The method may comprise the step of providing a backflow path from a point downstream of the second vibration tool toward a wellhead. The backflow path from the point downstream of the second vibration tool toward the wellhead may be provided with an annular space between the tubing and a casing surrounding the tubing, or an annular space between the tubing and a circulation means located inside the tubing. The backflow path may pass through a hole in the tubing, a packer located near or at the wellhead, or an unloader valve connected to the second flow-through passage.
The method may comprise the step of generating at least one of pressure pulses, lateral oscillations, and axial oscillations with the second vibration tool by flowing fluid through the second flow-through passage while the cement is curing. The fluid may include Lost Circulation Material (LCM).
The method may comprise the step of applying a squeeze pressure to the cement while the cement is curing.
The method may comprise the step of flowing the fluid in the backflow path.
The disclosure also describes a system for cementing a tubing.
The system may comprise a distal downhole tool. The distal downhole tool may include means for attaching the distal downhole tool in the tubing, a first flow-through passage extending through the distal downhole tool, and a first vibration tool. The means for attaching the distal downhole tool in the tubing may comprise an extendable anchor including one or more slip-cone assemblies, or a mechanism for latching the distal downhole tool to a nipple profile forming a part of the tubing. The first vibration tool may be capable of generating at least one of pressure pulses, lateral oscillations, and axial oscillations by flowing cement in the first flow-through passage. Preferably, the distal downhole tool may comprise a packer capable of preventing flow of the cement between the distal downhole tool and the tubing. For example, wherein the first vibration tool may include at least one of a pressure-pulser and an agitator.
The system may comprise a proximal downhole tool. The proximal downhole tool may include means for attaching the proximal downhole tool in the tubing, a second flow-through passage extending through the proximal downhole tool, and a second vibration tool. The means for attaching the proximal downhole tool in the tubing may comprise an extendable anchor including one or more slip-cone assemblies, or a mechanism for latching the distal proximal downhole tool to a nipple profile forming a part of the tubing. The second vibration tool may be capable of generating at least one of pressure pulses, lateral oscillations, and axial oscillations by flowing the cement in the second flow-through passage and by flowing fluid through the second flow-through passage while the cement is curing. For example, wherein the second vibration tool may include at least one of a pressure-pulser and an agitator.
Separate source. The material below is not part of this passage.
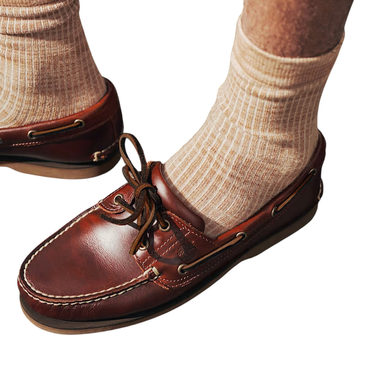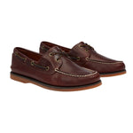 Timberland Stringata Stile Barca Uomo in Pelle Marrone con Cuciture

The system may comprise means for providing a backflow path from a point downstream of the second vibration tool toward a wellhead. The means for providing the backflow path from the point downstream of the second vibration tool toward the wellhead may comprise an annular space between the tubing and a casing surrounding the tubing, or an annular space between the tubing and a circulation means located inside the tubing. The means for providing the backflow path from the point downstream of the second vibration tool toward the wellhead may also comprise a hole in the tubing, a packer located near or at the wellhead, or an unloader valve connected to the second flow-through passage.
BRIEF DESCRIPTION OF THE DRAWINGS
For a more detailed description of the embodiments of the disclosure, reference will now be made to the accompanying drawings, wherein:
FIG. 1A illustrates an example embodiment of a system for cementing a production tubing that utilizes at least one of pressure pulses, lateral oscillations, and axial oscillations during the pumping and/or the curing of the cement;
FIG. 1B illustrates the system shown in FIG. 1A after the pumping and/or the curing of the cement and retrieval of a portion of the system;
FIG. 2 illustrates an example embodiment of downhole tools shown coupled to a coiled tubing in FIG. 1A;
FIG. 3 illustrates an example embodiment of a downhole tool shown offset from the coiled tubing in FIG. 1A;
FIG. 4 illustrates an alternative embodiment of the downhole tools shown in FIG. 2 ; and
FIG. 5 illustrates another example embodiment of a system for cementing a production tubing that utilizes at least one of pressure pulses, lateral oscillations, and axial oscillations during the pumping and/or the curing of the cement.
DETAILED DESCRIPTION
The disclosure describes systems and methods that permit the generation of at least one of pressure pulses, lateral oscillations, and axial oscillations to continue even when cement is no longer pumped around a tubing and is curing. These systems and methods involve pumping a fluid, usually other than cement, from the wellhead, through a vibration device that can generate at least one of pressure pulses, lateral oscillations, and axial oscillations, and back into an annulus toward the wellhead. The annulus may be located around a circulation means provided inside the tubing being cemented, in which case, the annulus may be confined inside the tubing. Alternatively, the annulus can be located around the tubing being cemented, in which case, the annulus is confined inside a casing surrounding the tubing. Flow in the annulus can optionally be controlled, for example, via a packer located near or at the wellhead, an unloader valve, or a punching sub capable of making a hole in the tubing.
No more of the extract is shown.